(Beginning of Records supplied)

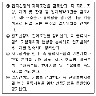 따라서, 물류센터 입지선정의 절차는 위와 같이 ㉡ - ㉢ - ㉣ - ㉠ 순서로 진행된다.
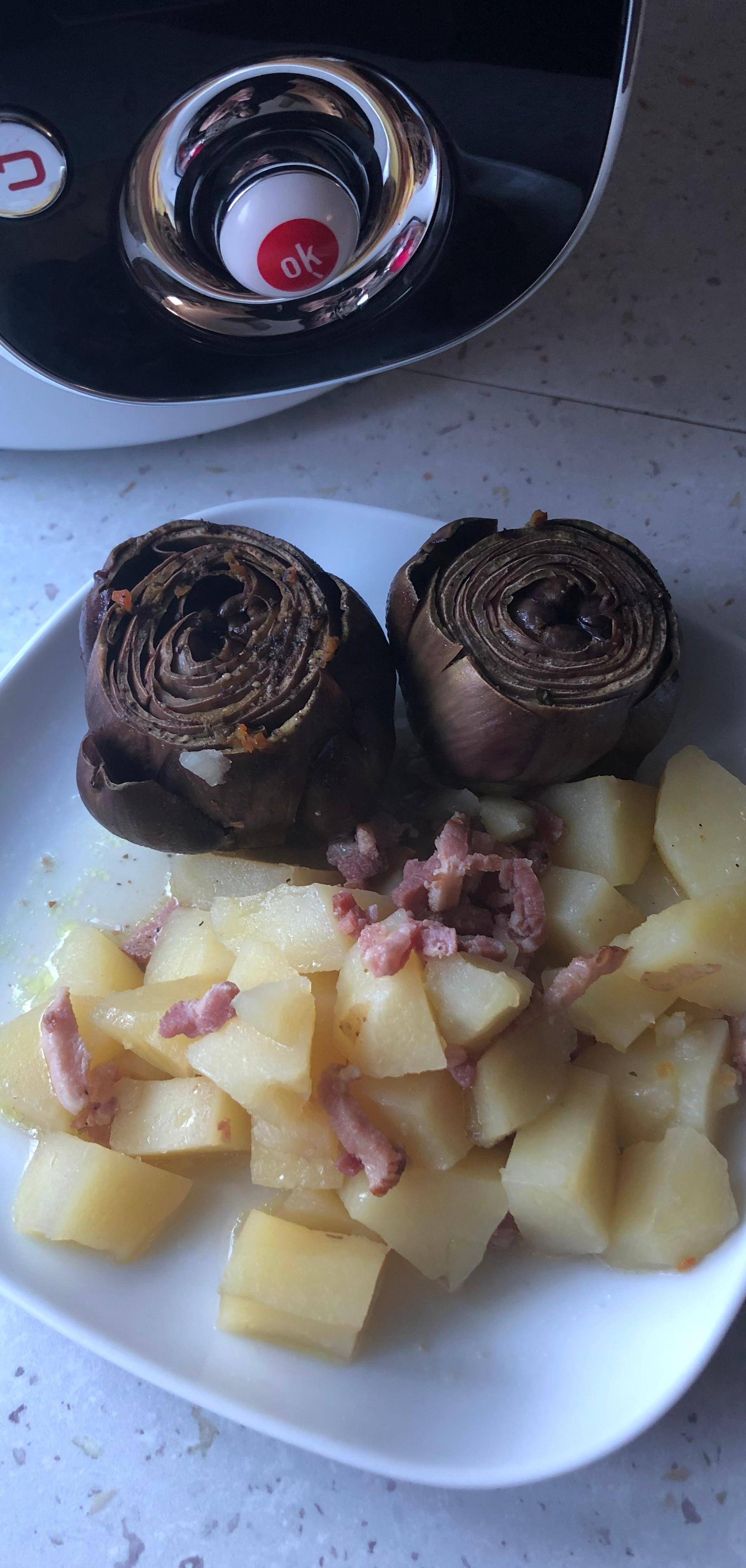 Poser les artichauts sur les pomme de terre Émietter le cube de volaille Mettre une noisette de beurre sur chaque artichaut Poivrer puis verser 200 ml d’eau
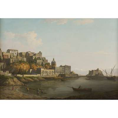 His view of the Bay of Naples takes a closer viewpoint than that chosen by many artists and offers an intimate portrait of one of the Grand Tour's cultural metropolises. The central focus is the dome of Santa Maria degli Angeli at Pizzofalcone. Like Vernet before him in the 1740s, Marlow adds vignettes of fishermen drawing in their nets and a fishing boat and it is possible that Marlow might have known the French artist's hugely successful views of the bay.
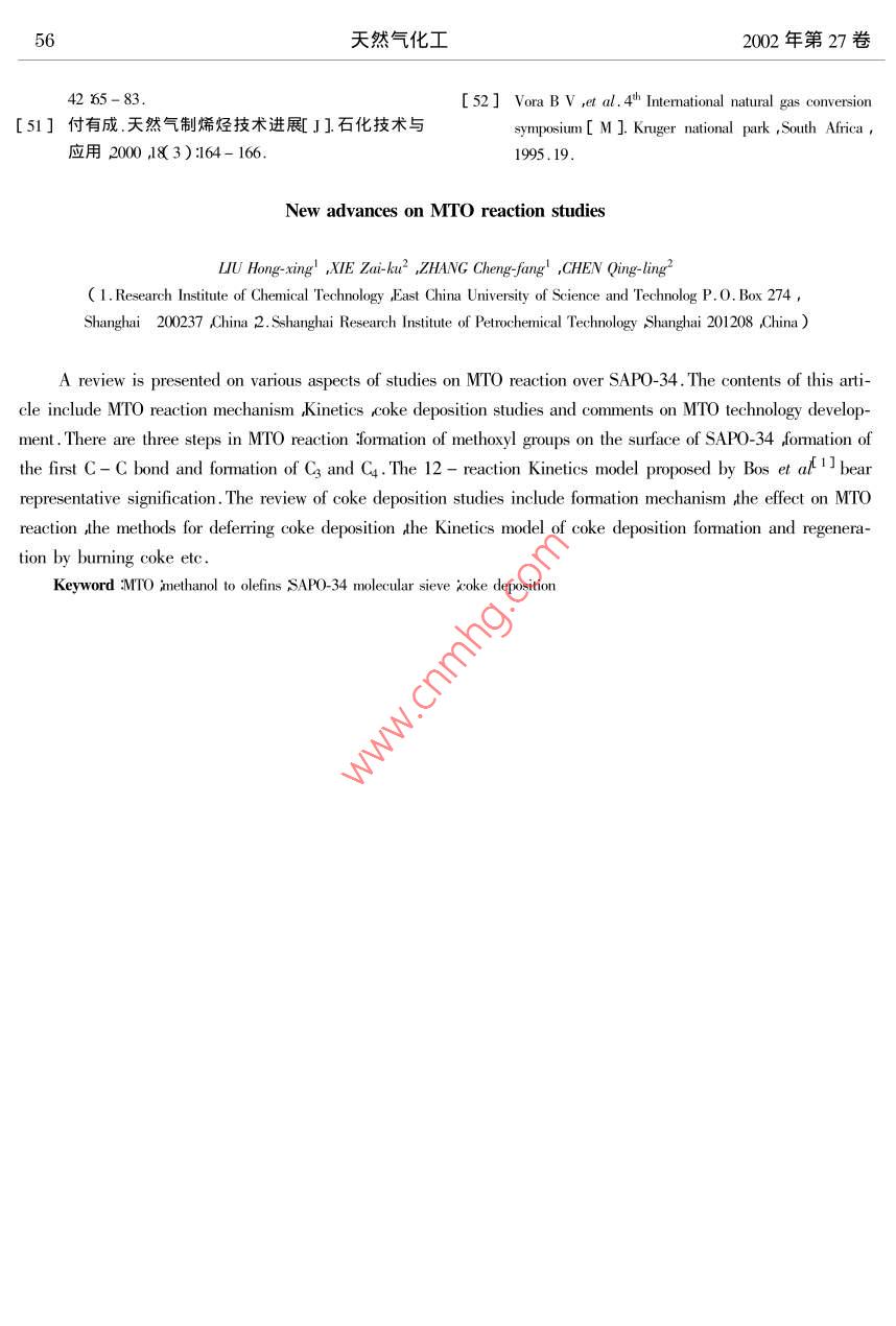 - 期刊名字:天然氣化工
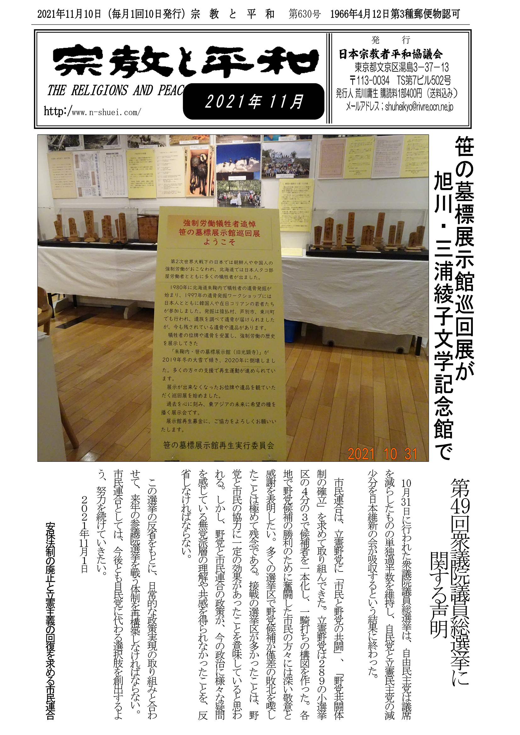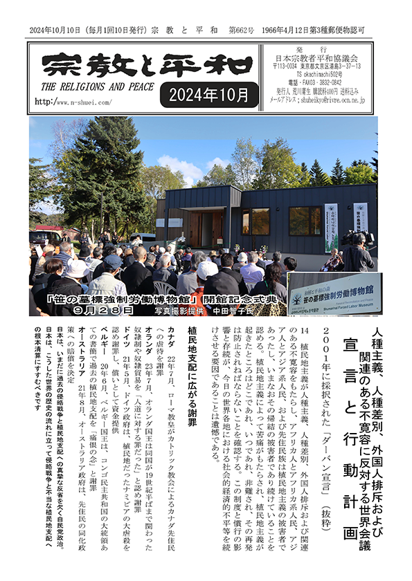■東アジアの平和と和解の拠点「笹の墓標強制労働博物館(下)」 広島宗平協 吉川 徹忍
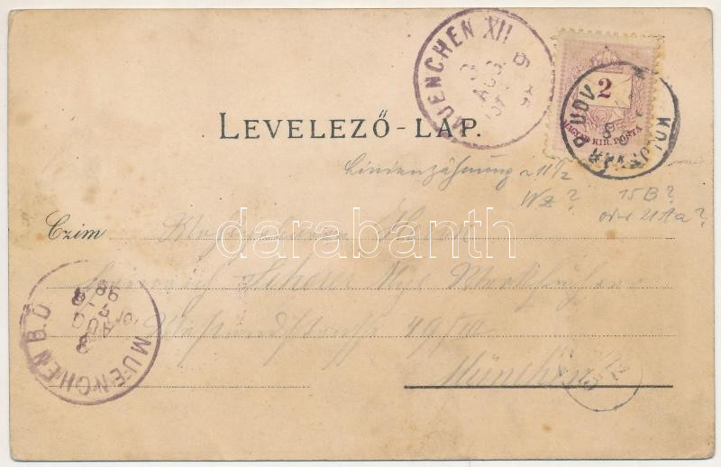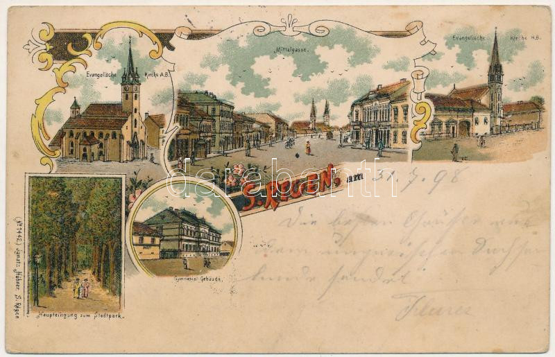 1898 (Vorläufer) Szászrégen, Reghin; Evangelische Kirche, Mittelgasse, Gymnasial Gebäude, Haupteingang zum Stadtpark / Evangélikus templom, gimnázium, utca, park főbejárata. Ignatz Hübner No. 1442. / church, school, park entry, street. Art Nouveau, floral, litho (fl)
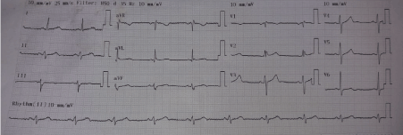 Figure 2. ECG showing normal ST segment in right sided chest lead v4R
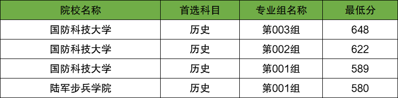 国防科技大学:历史类第001组最低589分、第002组最低622分、第003组最低648分;
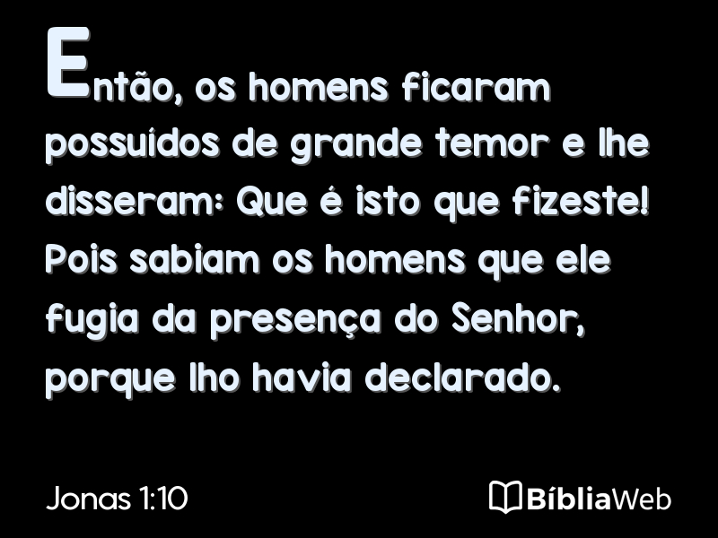 10Então, os homens ficaram possuídos de grande temor e lhe disseram: Que é isto que fizeste! Pois sabiam os homens que ele fugia da presença do Senhor, porque lho havia declarado.
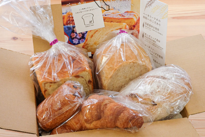 60サイズの箱に以下のパンが入ります ●デニッシュブレッド:プレーン ●デニッシュブレッド:りんごシナモン ●全粒粉食パン ●クロワッサン ●パンオショコラ ●カンパーニュ:クルミ
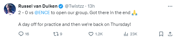 赛后,Liquid战队队员Twistzz在个人社交平台上表达了自己对于比赛的看法。
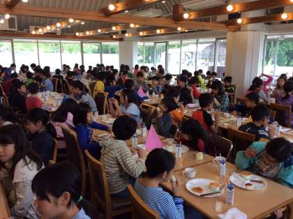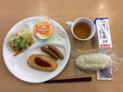 3日目の朝食です。はじめての洋風な食事です。おかわりをするこもたくさんいます。

(End of Records supplied)

Work instructions:
Reproduce all of the records above exactly, but exclude the pictures.

Response for this exercise:
 따라서, 물류센터 입지선정의 절차는 위와 같이 ㉡ - ㉢ - ㉣ - ㉠ 순서로 진행된다.
 Poser les artichauts sur les pomme de terre Émietter le cube de volaille Mettre une noisette de beurre sur chaque artichaut Poivrer puis verser 200 ml d’eau
 His view of the Bay of Naples takes a closer viewpoint than that chosen by many artists and offers an intimate portrait of one of the Grand Tour's cultural metropolises. The central focus is the dome of Santa Maria degli Angeli at Pizzofalcone. Like Vernet before him in the 1740s, Marlow adds vignettes of fishermen drawing in their nets and a fishing boat and it is possible that Marlow might have known the French artist's hugely successful views of the bay.
 - 期刊名字:天然氣化工
■東アジアの平和と和解の拠点「笹の墓標強制労働博物館(下)」 広島宗平協 吉川 徹忍
 1898 (Vorläufer) Szászrégen, Reghin; Evangelische Kirche, Mittelgasse, Gymnasial Gebäude, Haupteingang zum Stadtpark / Evangélikus templom, gimnázium, utca, park főbejárata. Ignatz Hübner No. 1442. / church, school, park entry, street. Art Nouveau, floral, litho (fl)
 Figure 2. ECG showing normal ST segment in right sided chest lead v4R
 国防科技大学:历史类第001组最低589分、第002组最低622分、第003组最低648分;
 10Então, os homens ficaram possuídos de grande temor e lhe disseram: Que é isto que fizeste! Pois sabiam os homens que ele fugia da presença do Senhor, porque lho havia declarado.
 60サイズの箱に以下のパンが入ります ●デニッシュブレッド:プレーン ●デニッシュブレッド:りんごシナモン ●全粒粉食パン ●クロワッサン ●パンオショコラ ●カンパーニュ:クルミ
 赛后,Liquid战队队员Twistzz在个人社交平台上表达了自己对于比赛的看法。
 3日目の朝食です。はじめての洋風な食事です。おかわりをするこもたくさんいます。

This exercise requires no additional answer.